If that pattern prevails McDaniel would be the first female pastor to hold the BGAV’s top elected spot.
McDaniel, pastor of Rhoadesville (Va.) Baptist Church, about 30 miles west of Fredericksburg, will be nominated at the BGAV’s annual meeting Nov. 11-12 in Hampton, announced retired Richmond pastor Bert Browning.
For 14 years BGAV first vice presidents have been nominated — and invariably elected — to serve as the state association’s president, though the practice is not mandated by BGAV bylaws. The bylaws do restrict both offices to one-year terms and incumbents cannot immediately succeed themselves.
If McDaniel is nominated and elected as president in 2015, that action would be consistent with a more than 50-year-old practice of rotating the BGAV presidency between ministers and laypersons — another well-established tradition that isn’t required by bylaws.
“Nancy and I have known each other since our Baptist Student Union days at the College of William and Mary over 40 years ago,” said Browning, retired pastor of Huguenot Road Baptist Church in Richmond. “Through those many years of friendship, I have witnessed firsthand her spiritual gifts as well as her leadership capabilities. She has served Virginia Baptist churches and the Baptist General Association of Virginia in a number of capacities and has done so with dignity and grace. We will all benefit from her experience, her wisdom and her deep sense of responsibility.”
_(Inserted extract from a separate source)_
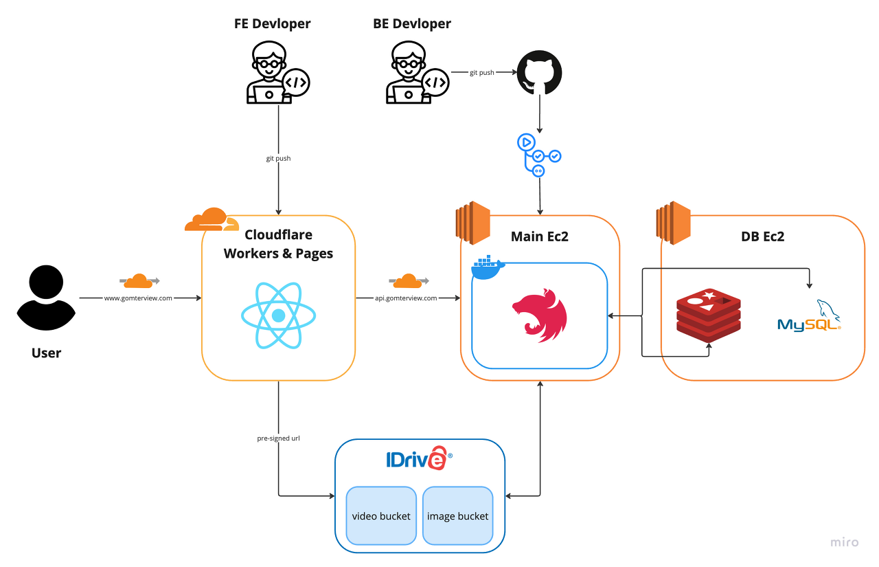 위의 그림은 실제로 필자가 진행한 프로젝트의 구조도이다. 만약 위 프로젝트의 사용자 입장에서 서비스를 사용하려고 한다면, 프론트 페이지(React)에 접속하고, 백엔드 서버(NestJS)의 API를 통해 필요한 데이터를 받음으로써 서비스를 완전하게 사용할 수 있다. 이는 서비스의 개발자들이 프론트 페이지를 Cloudflare를 사용해서 배포를 하였고, 백엔드 서버도 AWS EC2를 통해 배포를 해두었기에 가능한 일이다. 배포를 진행하지 않았다면, 외부의 사용자는 서비스를 사용할 수도, 애초에 접속할 수도 없다. 이처럼 배포는 서비스 사용자를 위한 활성화의 개념으로 생각할 수 있다.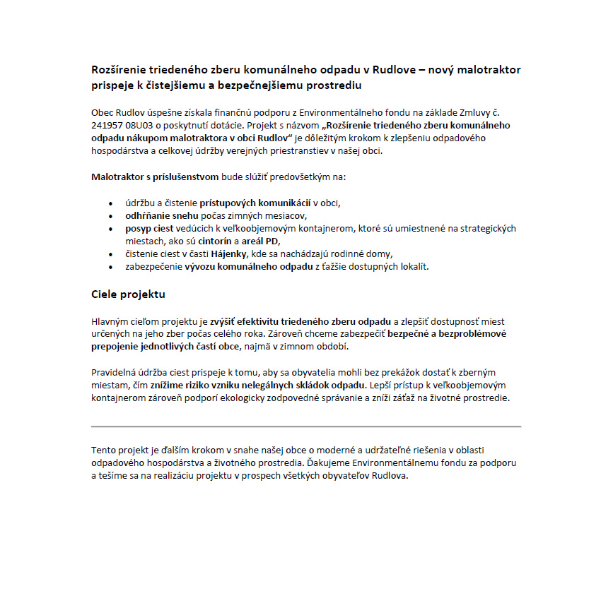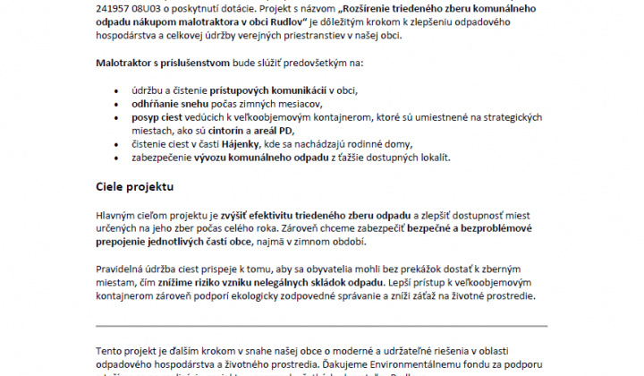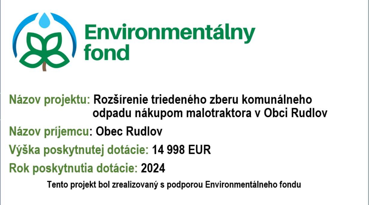 Rozšírenie triedeného zberu komunálneho odpadu nákupom malotraktora v Obci Rudlov

Though McDaniel would be the first female pastor to serve as president, the BGAV has long elected women to the presidency — including one who, if elected, McDaniel would likely succeed. Ann Brown, a Gretna, Va., woman currently serving as first vice president, will be nominated for president in November.
McDaniel has been pastor at the Rhoadesville church for 14 years. For 20 years prior to that she was minister of education, and later associate pastor for education, at First Baptist Church in Martinsville, Va. She holds degrees from the College of William and Mary in Williamsburg, Va., and Southeastern Baptist Theological Seminary in Wake Forest, N.C.
She has served several terms on the Virginia Baptist Mission Board, where she chaired its education subcommittee. Active in both partnership missions and the Goshen Baptist Association, McDaniel also has been moderator of both the Cooperative Baptist Fellowship of Virginia and Virginia Baptist Women in Ministry.
Other than McDaniel and Brown, no other candidates have been announced for BGAV offices.